The deployment of RFID technology in libraries is costly (Madhusudhan, 2010; Bahri & Ibrahim, 2013). The costs have to cover the initial hardware and software purchase, middleware and tag (Mehrjerdi, 2011), training and RFID infrastructure maintenance. Libraries with small budgets may find it difficult to start using RFID. A label costs USD 0.55 for a minimum of 100,000 pieces. With additional equipment cost, a library of this size (100,000 pieces) has to invest about USD 150,000 in total (Kern, 2004). While the cost of implementation of RFID technology in a public library is typically low because of a smaller collection size, it may incur relatively more expensive RFID tags (Butters, 2008).

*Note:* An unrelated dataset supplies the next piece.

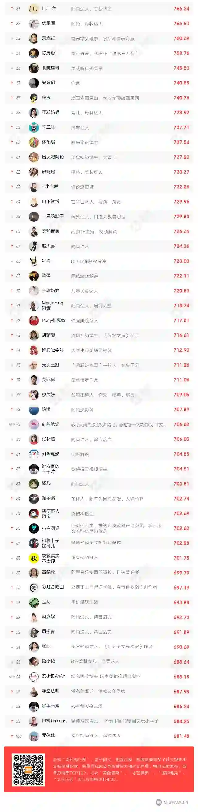 基于以上筛选标准,新榜对分散在新浪微博、微信公众号、综合类视频网站、短视频应用和直播平台5大类20多个网络平台的网红进行汇总,形成近9000个网红样本,并针对这些网红的自身传播能力和声量,进行数据采集和分析,最终生成2017年10月“网红排行榜”100强榜单,以及“美颜装扮”、“才艺搞笑”、“游戏电竞”、“文化乐活”四大分类榜单,具体算法附于文末。
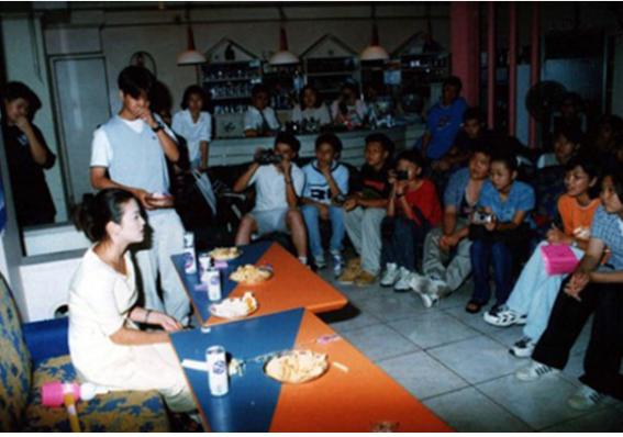 사진에서 송혜교의 과거 팬미팅 현장은 약 20명 남짓한 팬들과 함께 이야기를 나누며 조촐하게 팬미팅을 하고 있다.

Another issue is limited market opportunities for RFID technologies. Traditional approaches of handling and supporting information services are still used by most universities. The limited market opportunities for RFID technologies in information work have left university libraries lagging behind the knowledge society, sustainable development goals, and modern information practices based on current technology.

Privacy Issues

An RFID system can detect all activities or transactions performed by users using an RFID reader. However, this raises the issue of users' and staff members' privacy (Power, 2005). Because of this, some libraries have chosen not to implement an RFID system. All user activities in a library such as reading and browsing, can be easily detected by the RFID reader (Mehrjerdi, 2011). Some users may object to an RFID related system due to the perceived invasion of privacy.

CRITICAL SUCCESS FACTORS

Critical Success Factors Framework

We summarize the critical factors for successful implementation of RFID technology in libraries. We followed a generic critical success factor model that has been applied in project management problems and this model can be categorized into strategic and tactical level factors (Esteves & Pastor, 2001). Critical success factors are strongly related to the mission and strategic goals of a business or project (European Union Agency for Network and Information Security, n.d.).

A number of researchers have studied critical success factors for RFID projects in general by using different research methodologies including case studies, site surveys and interviews. For example, (Ngai et al., 2010) presented a framework to support managers in the preliminary analysis of the suitability of RFID technologies. Seven key success factors in the development of RFID projects were identified (Fish & Forrest, 2007). Other studies were interested in RFID projects in supply chain (Gaukler & Seifert, 2007; Tamas & Jozsef, 2007) and Enterprise System (Sabbaghi & Vaidyanathan, 2008). For instance, Sabbaghi and Vaidyanathan (2008) identified three critical risk factors for implementing RFID projects in the Enterprise System-complexity of process implementation, integration and interdependency of processes, and security of processes.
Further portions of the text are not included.